## THE DATA:

========================

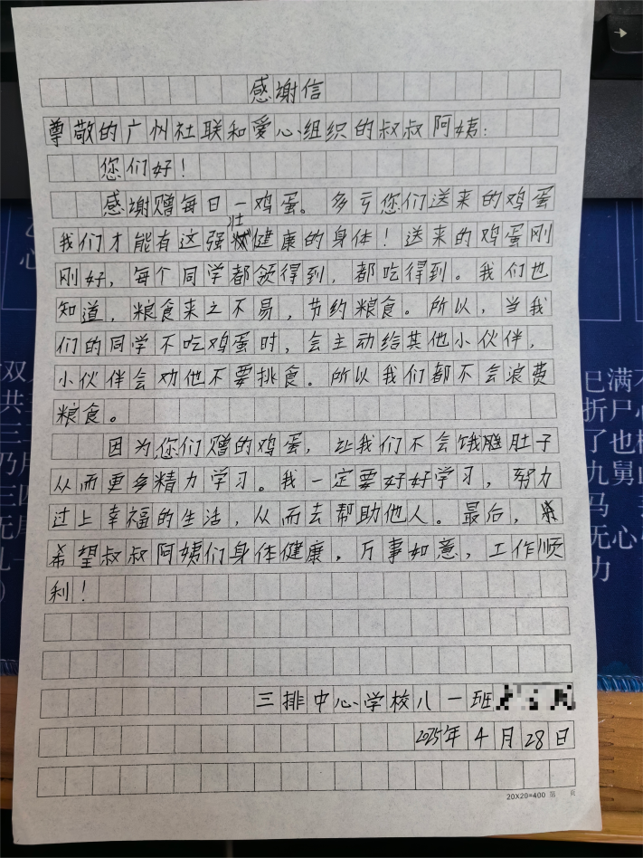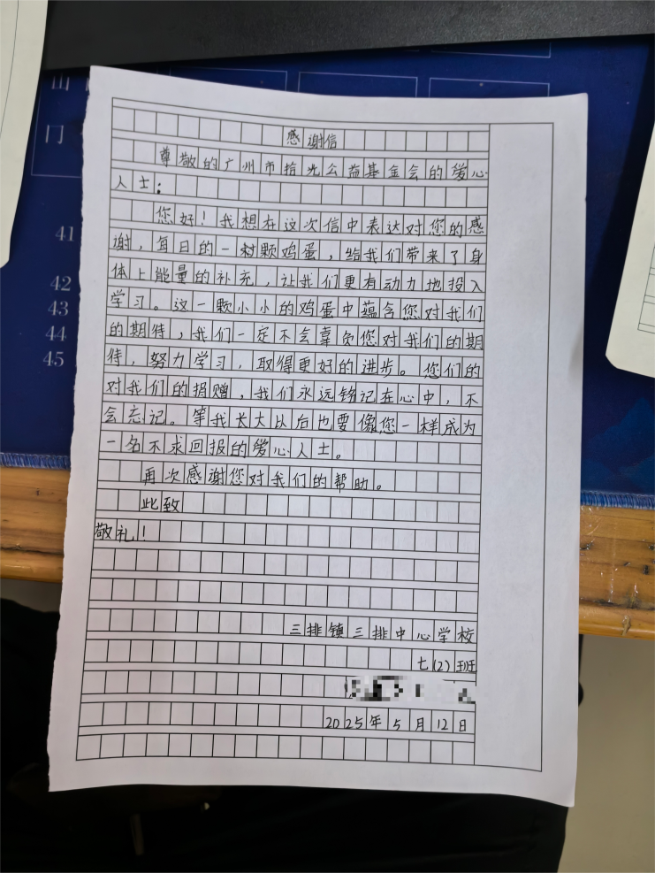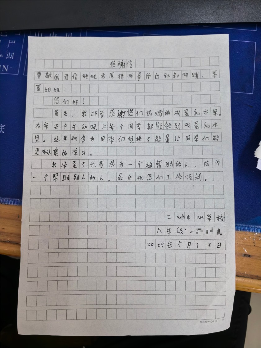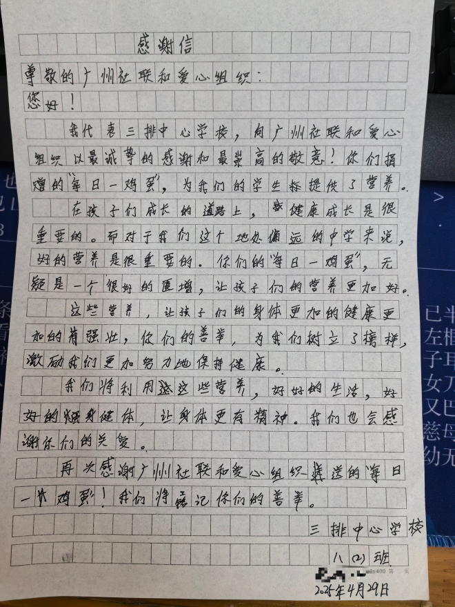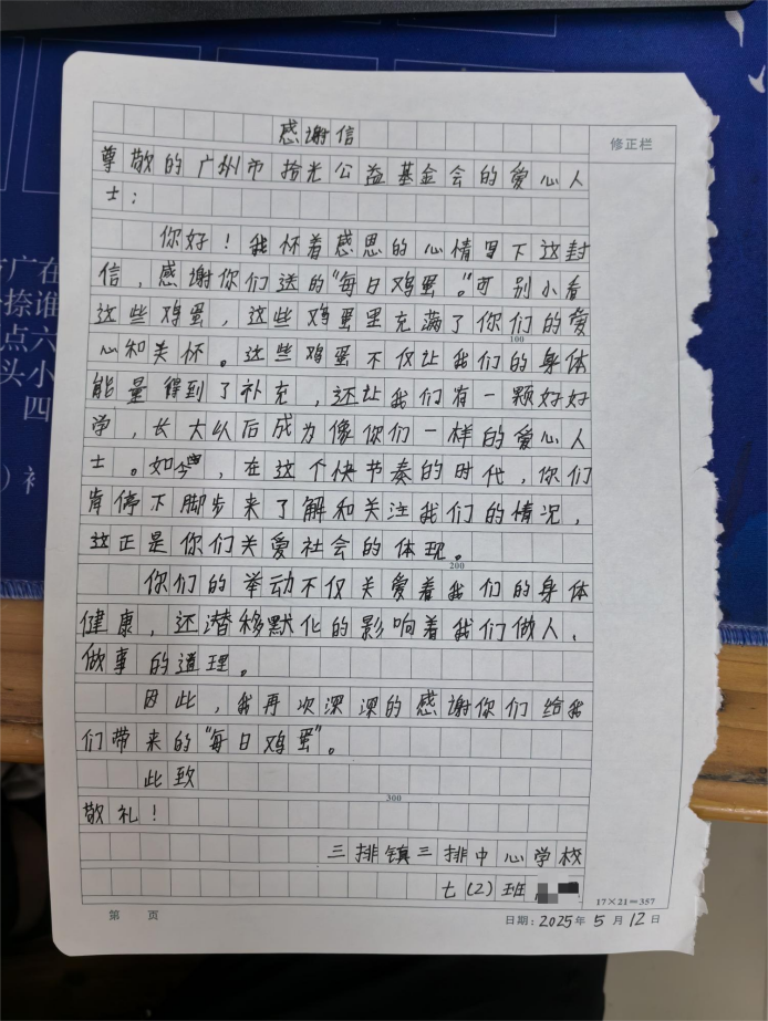 自“每天一鸡蛋”行动落地实施以来,该项目深受学校老师和学生们的喜爱,为莘莘学子带来了切实的营养关怀。面对这份营养爱心,学生们心怀感恩,以一封封情真意切、饱含深情的感谢信,表达着对“每天一鸡蛋”行动的由衷喜爱,以及对捐赠方的无尽感激之情。这些感谢信,不仅是对项目实施成效的肯定,更是社会各界爱心传递的美好见证,希望激励更多的人加入到关爱青少年健康成长的行列中。
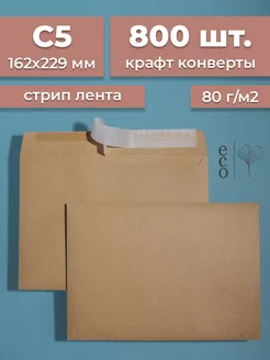 Крафтовые конверты С5 162х229 мм 800 шт бумажные стрип лента
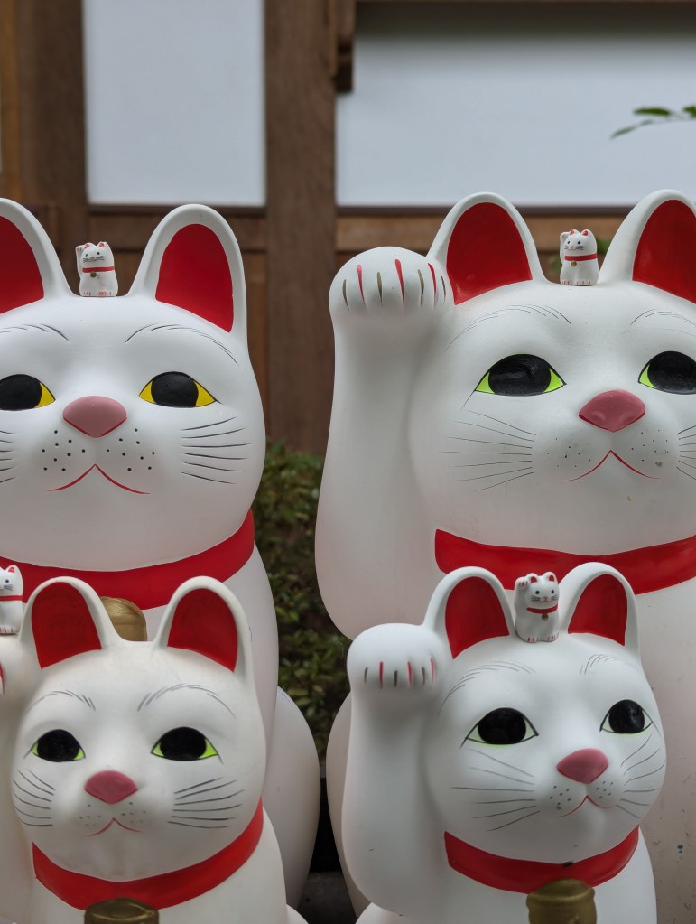 We then walked to Gotokuji temple. I was much busier than the last time we were there. You could barely walk through the section with the cats, let alone take a picture. A group of Indian tourists were taking photos for so long, blocking everything from view. I gave up trying to take any photos. I went to the temple shop and bought the size #2 cat statue for 800Yen.

========================

## WORK TO BE COMPLETED:
Replicate the material above verbatim; images stay out of the copy.

## YOUR SOLUTION:
 自“每天一鸡蛋”行动落地实施以来,该项目深受学校老师和学生们的喜爱,为莘莘学子带来了切实的营养关怀。面对这份营养爱心,学生们心怀感恩,以一封封情真意切、饱含深情的感谢信,表达着对“每天一鸡蛋”行动的由衷喜爱,以及对捐赠方的无尽感激之情。这些感谢信,不仅是对项目实施成效的肯定,更是社会各界爱心传递的美好见证,希望激励更多的人加入到关爱青少年健康成长的行列中。
 Крафтовые конверты С5 162х229 мм 800 шт бумажные стрип лента
 We then walked to Gotokuji temple. I was much busier than the last time we were there. You could barely walk through the section with the cats, let alone take a picture. A group of Indian tourists were taking photos for so long, blocking everything from view. I gave up trying to take any photos. I went to the temple shop and bought the size #2 cat statue for 800Yen.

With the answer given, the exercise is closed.